Changements climatiques : l’érable à sucre ne devrait pas migrer vers le nord

La migration de l’érable à sucre reste pour le moment bloquée par ce que les chercheurs appellent la « barrière boréale », mais cela pourrait éventuellement changer.

MONTRÉAL — Même si le réchauffement du climat devait pousser l’érable à sucre vers le nord, la nature du sol qu’il rencontrera freinera sa progression, du moins à court terme, démontrent des travaux réalisés à l’Université de Montréal.

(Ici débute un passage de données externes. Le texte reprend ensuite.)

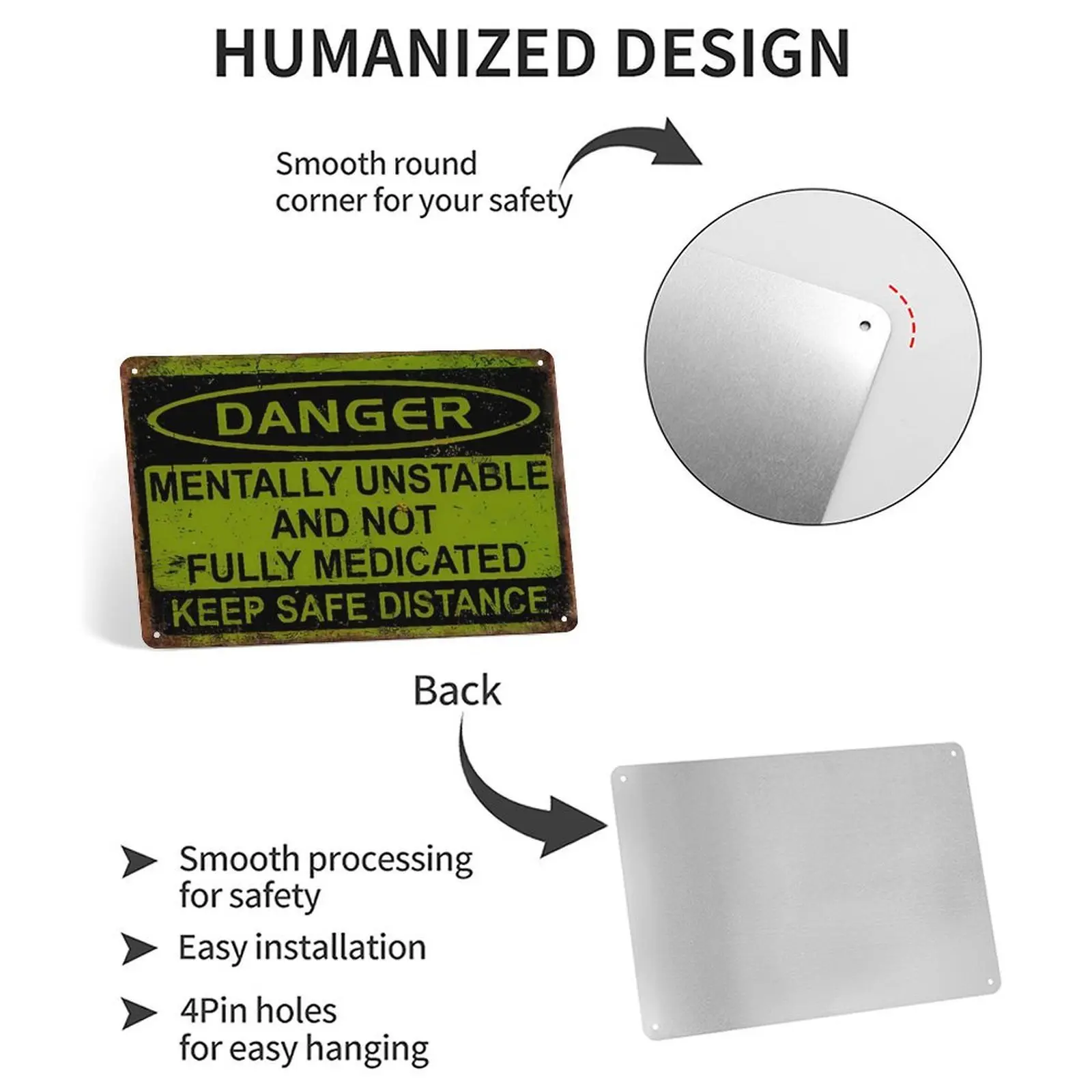Funny "Mentally Unstable & Not Fully Medicated" Metal Sign, 8"×12" (20×30cm) Retro Safety Style Wall Art, Ideal for Bedroom, Garage, Gift for FriendsFunny "Mentally Unstable & Not Fully Medicated" Metal Sign, 8"×12" (20×30cm) Retro Safety Style Wall Art, Ideal for Bedroom, Garage, Gift for Friends
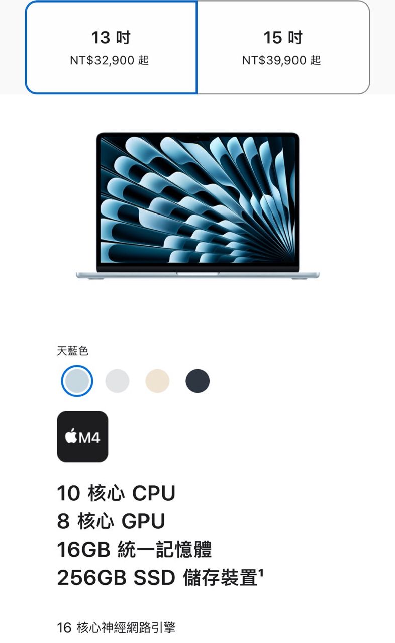 [販售] MacBook Air 13‘ M4 256G skyblue
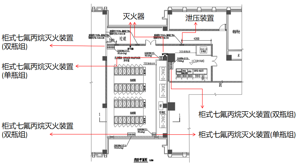 3)柜式七氟丙烷氣體滅火裝置可按保護半徑不大于7.5m布置。可將總需要柜數(shù)按保護距離均布。
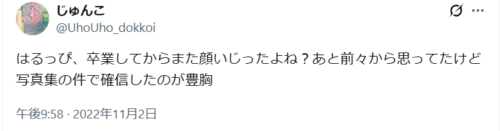 兒玉遥さんが2022年の写真集を出版した頃から豊胸を疑う方がでているようです。

Il n’est toutefois pas impossible, au fil des décennies et même des siècles, que la composition du sol de la forêt boréale change suffisamment pour permettre à l’érable de quitter la forêt tempérée qui est son royaume traditionnel, a dit l’auteur de l’étude publiée par le Journal of Ecology, le doctorant Alexis Carteron.

« C’est certain que la nature du sol dans le nord va changer, a dit M. Carteron. Par exemple, si le sol est gelé moins longtemps pendant l’année, alors il y aura éventuellement plus de réactions chimiques qui vont se faire et le sol va changer. Mais on pense que ces changements-là vont se faire sur un temps long par rapport à la progression de l’érable, qui elle aurait potentiellement pu être plus rapide. On pourrait parler de quelques dizaines d’années, alors que les changements du sol, ce serait plutôt quelques centaines d’années. »

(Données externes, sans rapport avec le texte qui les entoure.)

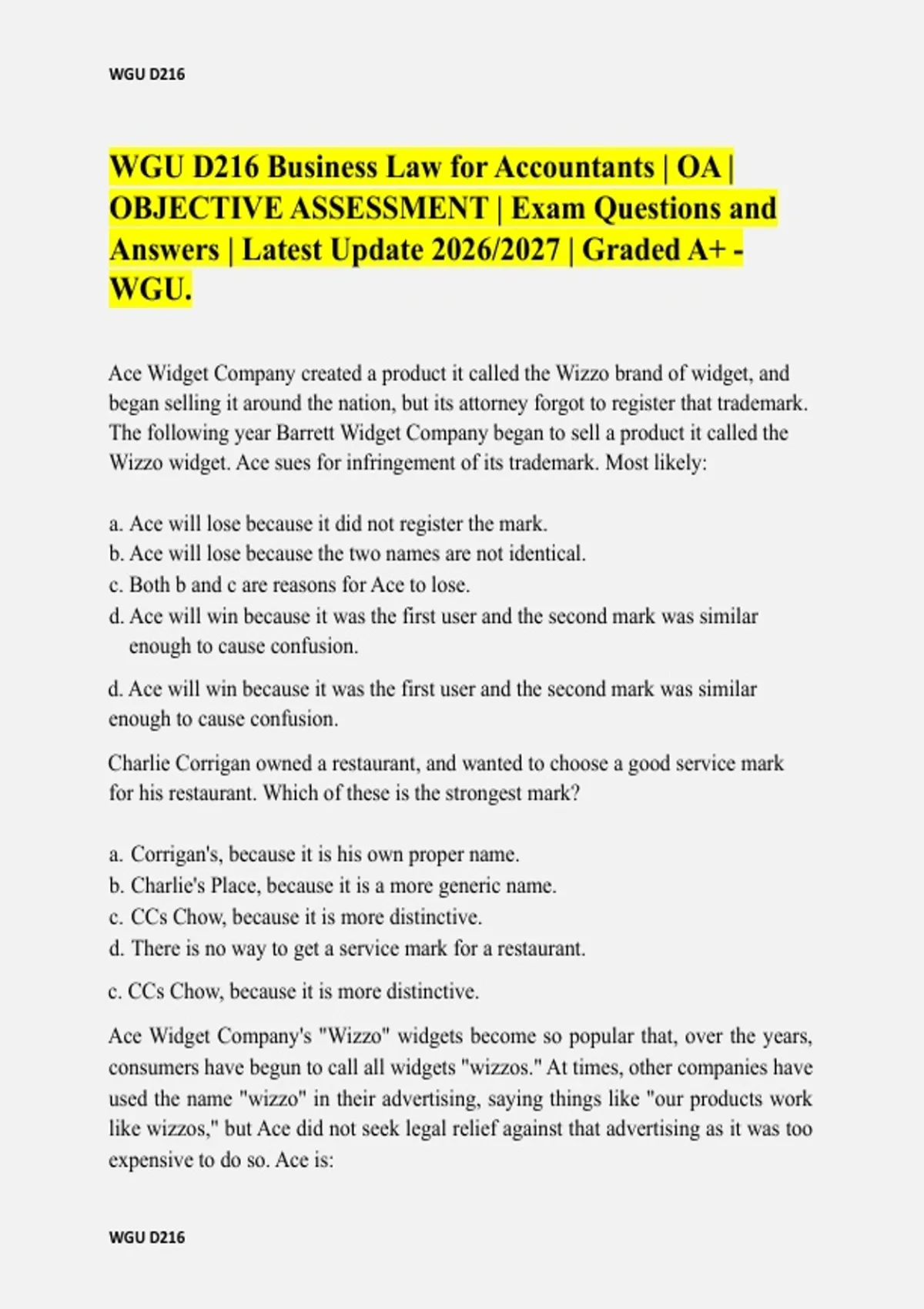 Ace Widget Company created a product it called the Wizzo brand of widget, and
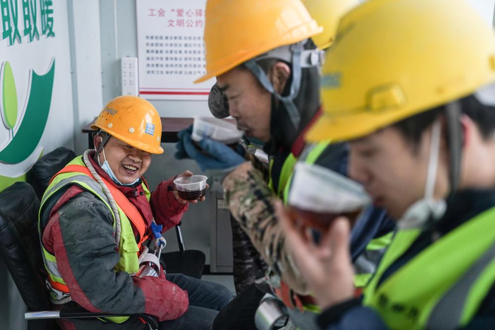 12月12日,在位于北京市海淀区的一处工地上,工人在喝姜茶驱寒。新华社记者 彭子洋 摄

D’autres chercheurs avaient précédemment constaté, sur le mont Saint-Joseph dans le parc national du Mont-Mégantic, que la propagation de l’érable à sucre était plus modeste qu’en forêt tempérée, et que cela était partiellement attribuable à la nature du sol. Une modélisation sophistiquée montrait qu’on aurait dû retrouver des érables plus au nord, mais que cela n’était pas le cas sur le terrain.

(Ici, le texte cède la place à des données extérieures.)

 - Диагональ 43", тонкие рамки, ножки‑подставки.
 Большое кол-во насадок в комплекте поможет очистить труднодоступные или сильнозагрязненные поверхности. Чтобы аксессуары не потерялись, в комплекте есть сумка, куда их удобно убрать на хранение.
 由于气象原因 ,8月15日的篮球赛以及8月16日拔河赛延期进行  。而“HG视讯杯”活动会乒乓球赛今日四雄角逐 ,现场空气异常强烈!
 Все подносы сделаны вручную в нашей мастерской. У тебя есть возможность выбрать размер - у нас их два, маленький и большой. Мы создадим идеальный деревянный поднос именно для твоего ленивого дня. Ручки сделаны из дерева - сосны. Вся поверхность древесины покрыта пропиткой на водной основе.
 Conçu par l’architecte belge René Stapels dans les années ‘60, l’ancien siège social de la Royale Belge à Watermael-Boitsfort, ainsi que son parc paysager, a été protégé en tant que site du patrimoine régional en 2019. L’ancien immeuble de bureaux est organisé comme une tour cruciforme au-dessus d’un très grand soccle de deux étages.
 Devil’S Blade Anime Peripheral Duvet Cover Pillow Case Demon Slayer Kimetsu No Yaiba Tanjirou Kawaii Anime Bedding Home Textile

Des expériences menées par M. Carteron et ses collègues au Jardin botanique de Montréal ont ensuite permis de jeter un nouvel éclairage sur le rôle que joue la composition du sol dans la propagation de l’érable.

La migration de l’érable à sucre reste donc pour le moment bloquée par ce que les chercheurs appellent la « barrière boréale », mais cela pourrait éventuellement changer.

« Comme ce sont des arbres qui sont quand même résistants et qui vivent longtemps, on les retrouve très au sud, même dans les endroits où c’est chaud, et potentiellement il y a beaucoup de compétition avec d’autres espèces d’arbres, a dit M. Carteron. Mais c’est possible que la régénération se fasse moins, donc au fur et à mesure on va le retrouver de moins en moins au sud. »

Il pourrait ainsi y avoir une pression par le sud qui verrait les arbres coincés entre un climat trop chaud au sud et un sol inhospitalier au nord.

« Et si jamais au nord ils sont bloqués, la superficie de répartition des érables à sucre pourrait être amenée à diminuer, mais ça on ne l’a pas testé. Mais c’est vrai que c’est possible », a conclu le chercheur.